Provided material:
******
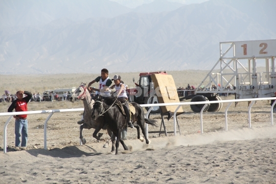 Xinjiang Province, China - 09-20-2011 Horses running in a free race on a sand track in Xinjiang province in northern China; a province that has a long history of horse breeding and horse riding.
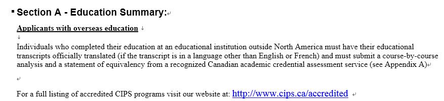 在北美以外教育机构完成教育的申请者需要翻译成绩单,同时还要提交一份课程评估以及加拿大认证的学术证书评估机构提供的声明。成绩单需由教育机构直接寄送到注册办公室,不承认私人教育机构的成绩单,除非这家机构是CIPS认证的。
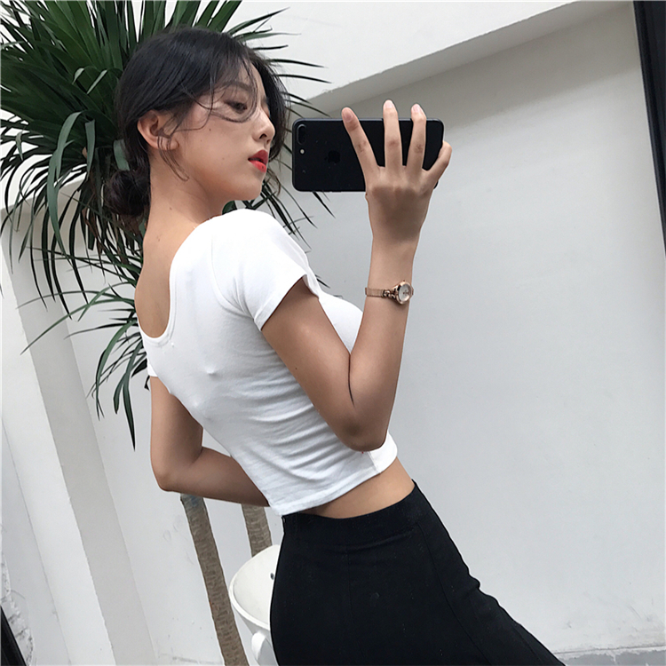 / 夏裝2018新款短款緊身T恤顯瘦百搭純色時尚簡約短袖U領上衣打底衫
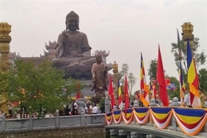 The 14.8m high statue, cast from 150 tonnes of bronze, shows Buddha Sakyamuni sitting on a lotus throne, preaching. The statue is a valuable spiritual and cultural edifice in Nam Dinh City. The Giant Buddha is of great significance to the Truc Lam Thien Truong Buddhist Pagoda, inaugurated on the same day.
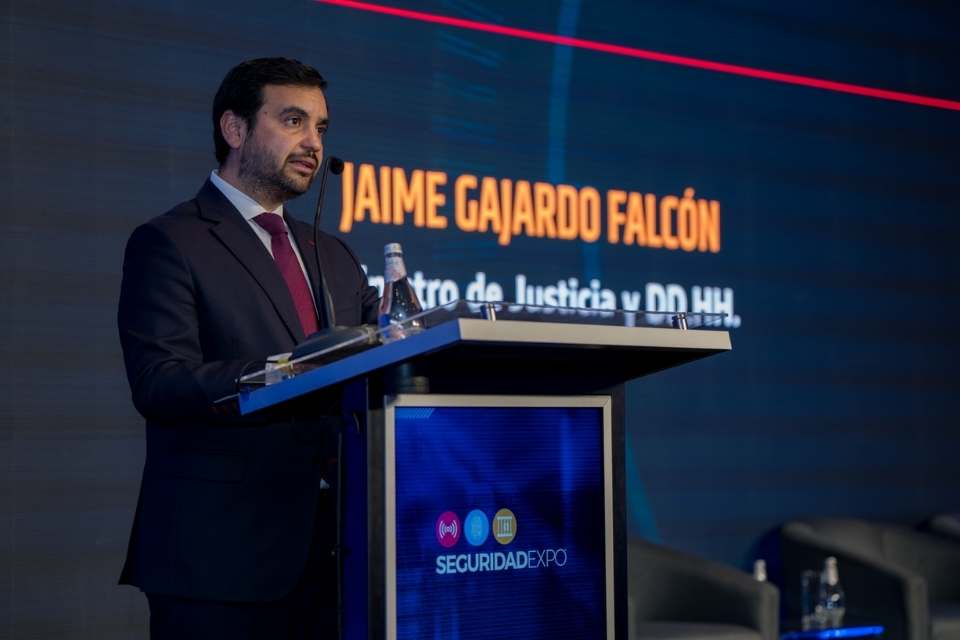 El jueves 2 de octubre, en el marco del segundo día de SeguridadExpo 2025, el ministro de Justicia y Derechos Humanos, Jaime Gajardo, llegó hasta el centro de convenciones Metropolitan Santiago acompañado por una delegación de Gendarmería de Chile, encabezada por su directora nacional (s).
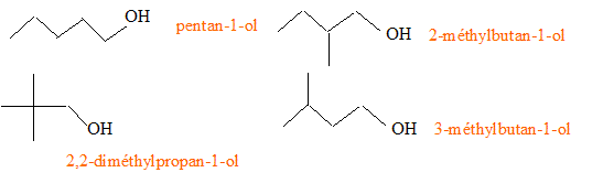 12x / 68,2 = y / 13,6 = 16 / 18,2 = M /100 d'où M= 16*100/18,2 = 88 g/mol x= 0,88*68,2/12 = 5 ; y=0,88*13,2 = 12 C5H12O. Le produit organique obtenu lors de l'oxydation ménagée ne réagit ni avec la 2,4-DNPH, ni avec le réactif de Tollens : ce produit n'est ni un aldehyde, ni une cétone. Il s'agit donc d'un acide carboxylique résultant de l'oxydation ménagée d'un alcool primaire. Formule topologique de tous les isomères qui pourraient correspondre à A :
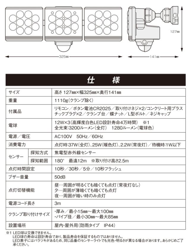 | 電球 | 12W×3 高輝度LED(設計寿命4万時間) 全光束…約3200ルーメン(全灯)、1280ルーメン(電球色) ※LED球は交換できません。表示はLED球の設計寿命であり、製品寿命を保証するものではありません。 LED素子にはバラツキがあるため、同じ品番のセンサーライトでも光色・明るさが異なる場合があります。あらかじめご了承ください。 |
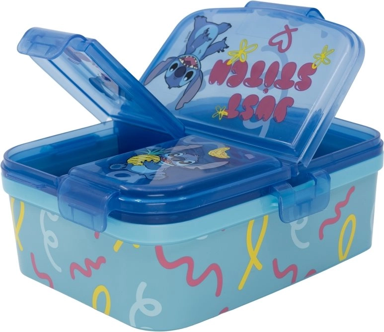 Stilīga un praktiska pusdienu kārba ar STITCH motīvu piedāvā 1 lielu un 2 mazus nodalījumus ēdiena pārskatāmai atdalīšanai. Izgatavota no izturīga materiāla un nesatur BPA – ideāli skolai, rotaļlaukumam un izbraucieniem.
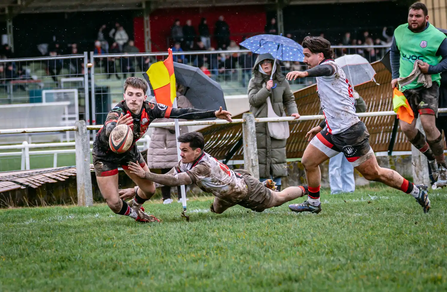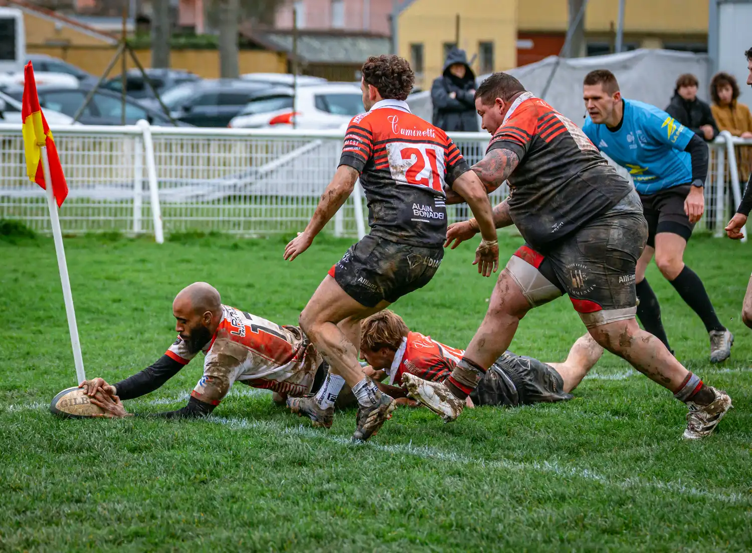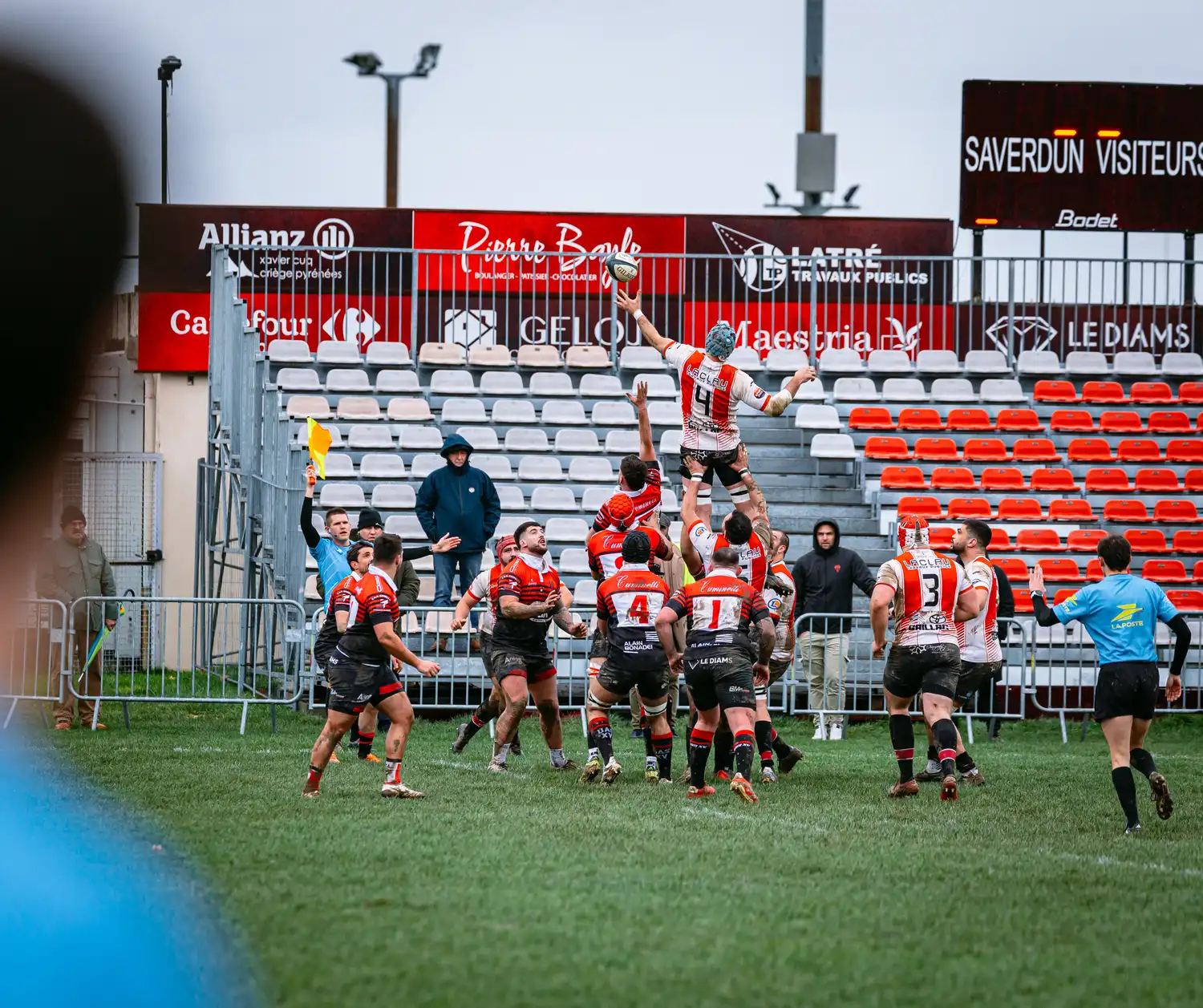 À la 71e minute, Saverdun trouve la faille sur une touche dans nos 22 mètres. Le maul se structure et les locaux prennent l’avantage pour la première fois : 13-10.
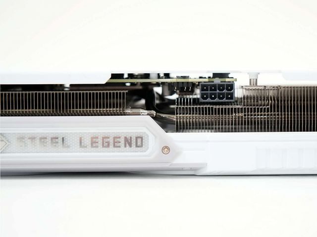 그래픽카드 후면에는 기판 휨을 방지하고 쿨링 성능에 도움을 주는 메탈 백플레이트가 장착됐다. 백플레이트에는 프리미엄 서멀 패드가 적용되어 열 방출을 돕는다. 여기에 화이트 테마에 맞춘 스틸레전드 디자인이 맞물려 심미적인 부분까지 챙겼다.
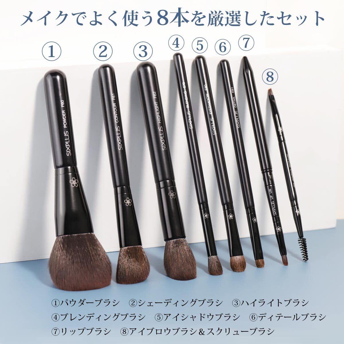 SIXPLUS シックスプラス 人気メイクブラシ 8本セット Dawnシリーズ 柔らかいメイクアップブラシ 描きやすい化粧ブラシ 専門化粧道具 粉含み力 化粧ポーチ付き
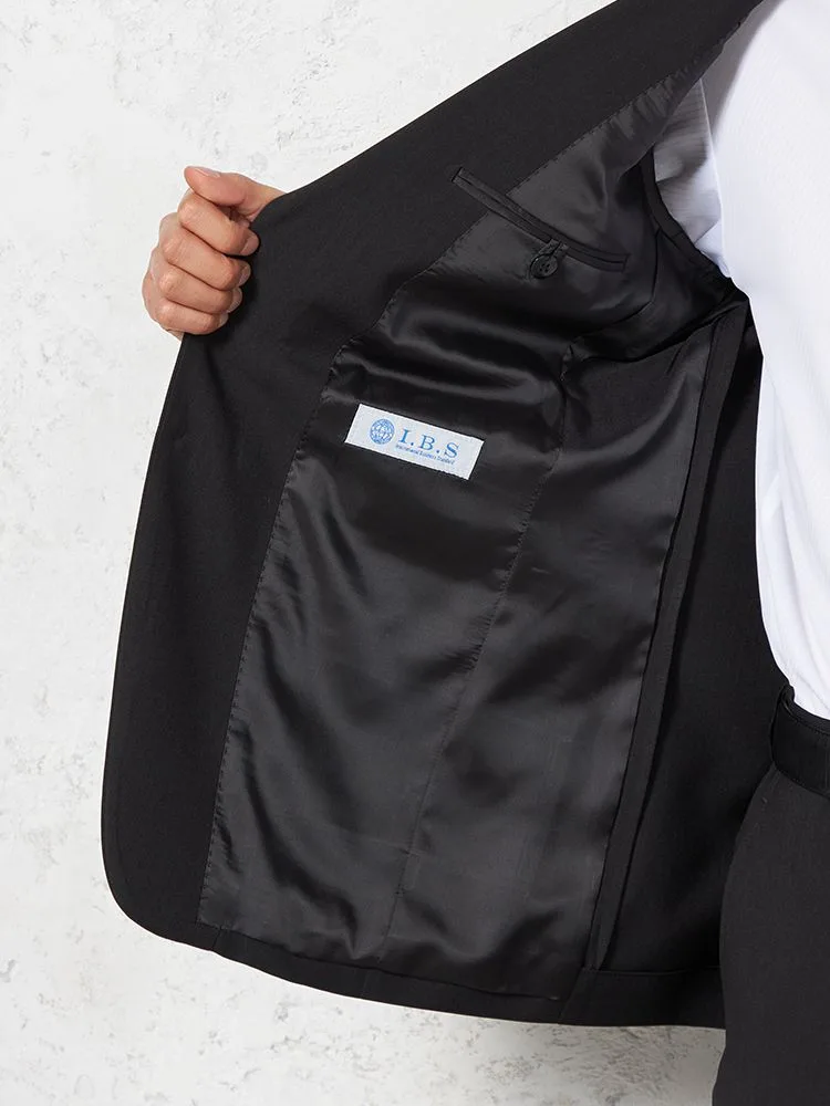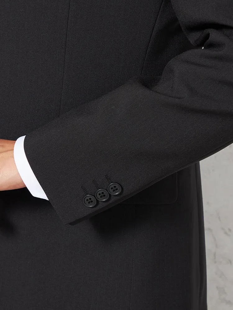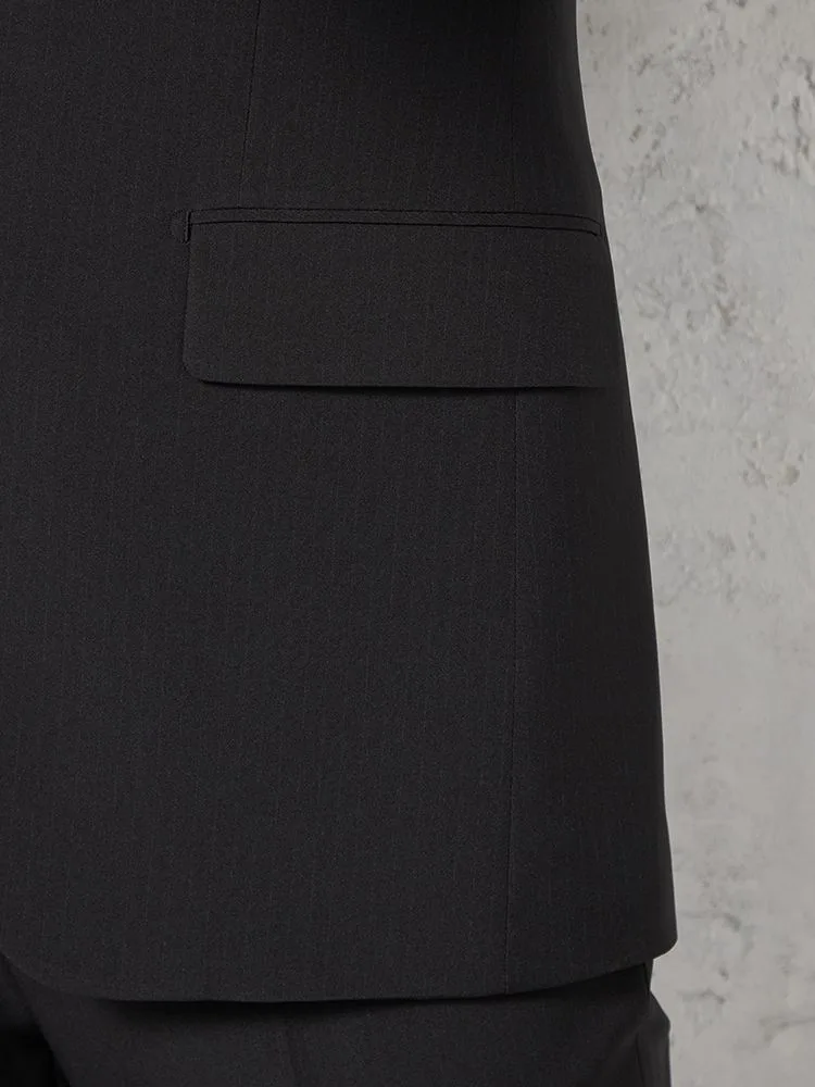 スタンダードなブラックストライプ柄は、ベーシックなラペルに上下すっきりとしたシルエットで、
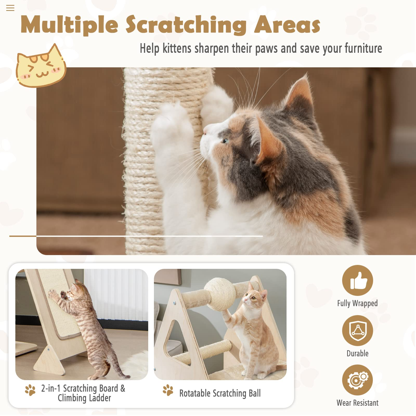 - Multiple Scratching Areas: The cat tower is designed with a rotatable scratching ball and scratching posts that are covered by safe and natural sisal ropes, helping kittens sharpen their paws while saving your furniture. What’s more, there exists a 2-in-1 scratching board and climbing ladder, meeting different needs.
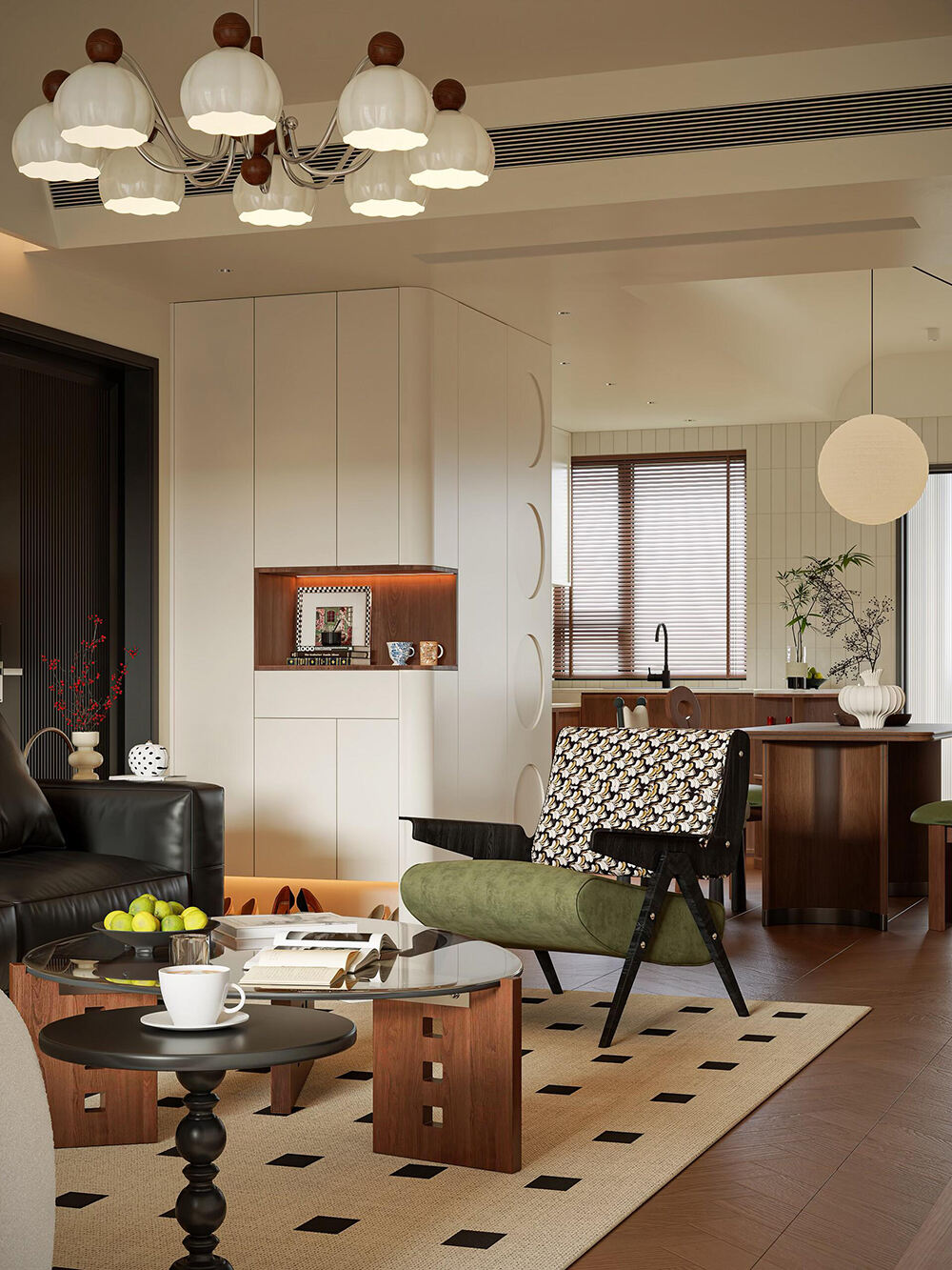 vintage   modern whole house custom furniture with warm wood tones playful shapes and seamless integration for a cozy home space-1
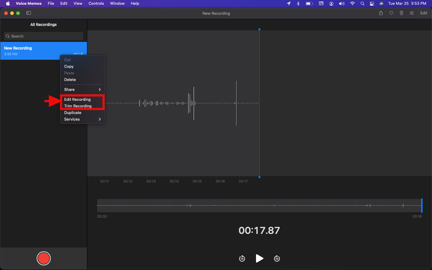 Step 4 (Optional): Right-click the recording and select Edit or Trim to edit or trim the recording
******
Problem to work on: Only one stretch of the listing above is to be duplicated: the lines from the one containing "À la 71e minute, Saverdun" through the one containing "cozy home space-1", both included. Copy them exactly, minus the pictures.

Task solution:
 À la 71e minute, Saverdun trouve la faille sur une touche dans nos 22 mètres. Le maul se structure et les locaux prennent l’avantage pour la première fois : 13-10.
 그래픽카드 후면에는 기판 휨을 방지하고 쿨링 성능에 도움을 주는 메탈 백플레이트가 장착됐다. 백플레이트에는 프리미엄 서멀 패드가 적용되어 열 방출을 돕는다. 여기에 화이트 테마에 맞춘 스틸레전드 디자인이 맞물려 심미적인 부분까지 챙겼다.
 SIXPLUS シックスプラス 人気メイクブラシ 8本セット Dawnシリーズ 柔らかいメイクアップブラシ 描きやすい化粧ブラシ 専門化粧道具 粉含み力 化粧ポーチ付き
 スタンダードなブラックストライプ柄は、ベーシックなラペルに上下すっきりとしたシルエットで、
 - Multiple Scratching Areas: The cat tower is designed with a rotatable scratching ball and scratching posts that are covered by safe and natural sisal ropes, helping kittens sharpen their paws while saving your furniture. What’s more, there exists a 2-in-1 scratching board and climbing ladder, meeting different needs.
 vintage   modern whole house custom furniture with warm wood tones playful shapes and seamless integration for a cozy home space-1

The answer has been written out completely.